Proposed guidelines for robust deployment include adversarial multi-turn benchmark fine-tuning, modular safety alignment decoupled from conversational context, escalation and pattern detector modules, runtime cumulative risk scoring, and cross-lingual dynamic testing.
6. Practical Applications and Empirical Findings
Scalable multi-turn engagement systems now power both research and real-world enforcement. CASE, deployed on GPay India, leverages Gemini LLM-based interviewers and extractors, achieving high topic adherence (99.9%), scam MO elicitation rates (75.3%), and robust safety compliance (99.9%). Chatterbox and ScamChatBot have executed thousands of decoy conversations, mapping scammer payment profiles and workflow milestones at scale (Spokoyny et al., 27 Oct 2025, Acharya et al., 2024). AI-in-the-Loop and Bot Wars have confirmed that dynamic agentic frameworks can both bait and stall adversaries, optimally balancing engagement, safety, and privacy through thresholded, harm-aware utility functions and guard model selection (Basta et al., 10 Mar 2025, Hossain et al., 4 Sep 2025). Dramatic context-induced vulnerability gaps have been documented: multi-turn context can increase attack success rates by over 30 percentage points in unsafe LLMs, exposing misalignment between intended and emergent conversational safety behaviors (Kumarappan et al., 24 Nov 2025).

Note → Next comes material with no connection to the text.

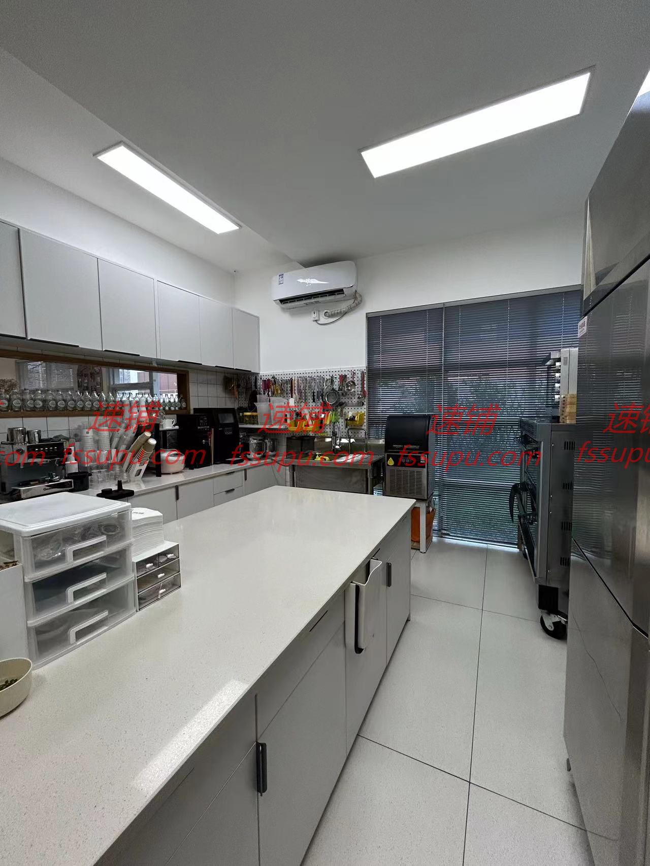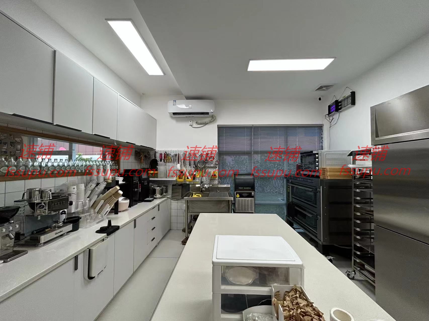 店内80多方,有厨房,裱花间,大厅。厨房里面冰箱,空调,咖啡机,烤箱,微波炉,橱柜等,冷饮咖啡设备,烘焙设备都齐全,可以做菜(不能明火)。大厅装修精致,空间大。室外有100多方的空中花园,真草坪树木,环境舒适,悠闲优美,还可以烧烤,有烧烤架。平时用于项目策划,也可以户外就餐。

7. Limitations, Open Challenges, and Future Directions
Despite measurable progress, critical limitations persist:
- Guardrail collapse and linguistic artifacts: Over-triggering of safety mechanisms (especially in Chinese), template artifacts, and coherence erosion disrupt both defensive fidelity and research evaluation (Yuan et al., 6 Jan 2026).
- Persona drift and prompt leakage: Maintaining stable simulation of victim and attacker roles across extended, cross-platform, and multimodal sessions remains challenging; model drift can yield spurious or invalid outputs (Spokoyny et al., 27 Oct 2025).
- Training and data scarcity: Current simulation and detection models depend on synthetic datasets, notable for domain drift and coverage gaps; increased real-world data and continual fine-tuning are flagged as future needs (Tan et al., 2024).
- Real-time and privacy-preserving constraints: Deployment in latency-sensitive, privacy-regulated, multilingual, and adversarially adaptive environments requires federated, privacy-aware, and robustly scalable architectures (Hossain et al., 4 Sep 2025).
- Benchmark development: The consensus across research is for multi-turn, cross-lingual adversarial benchmarks, persona and channel diversity, semantic context tracking, and escalation pattern cataloging as key ingredients for the next generation of defense models (Nihal et al., 9 Oct 2025, Yuan et al., 6 Jan 2026).
The rapidly evolving landscape of multi-turn conversational scams mandates layered, dynamically adaptive, and contextually aware defense frameworks, integrating advances in LLM adversarial simulation, psychological modeling, privacy engineering, and robust federated learning. These approaches will be critical to securing AI-empowered communication platforms against longitudinal social engineering and deception.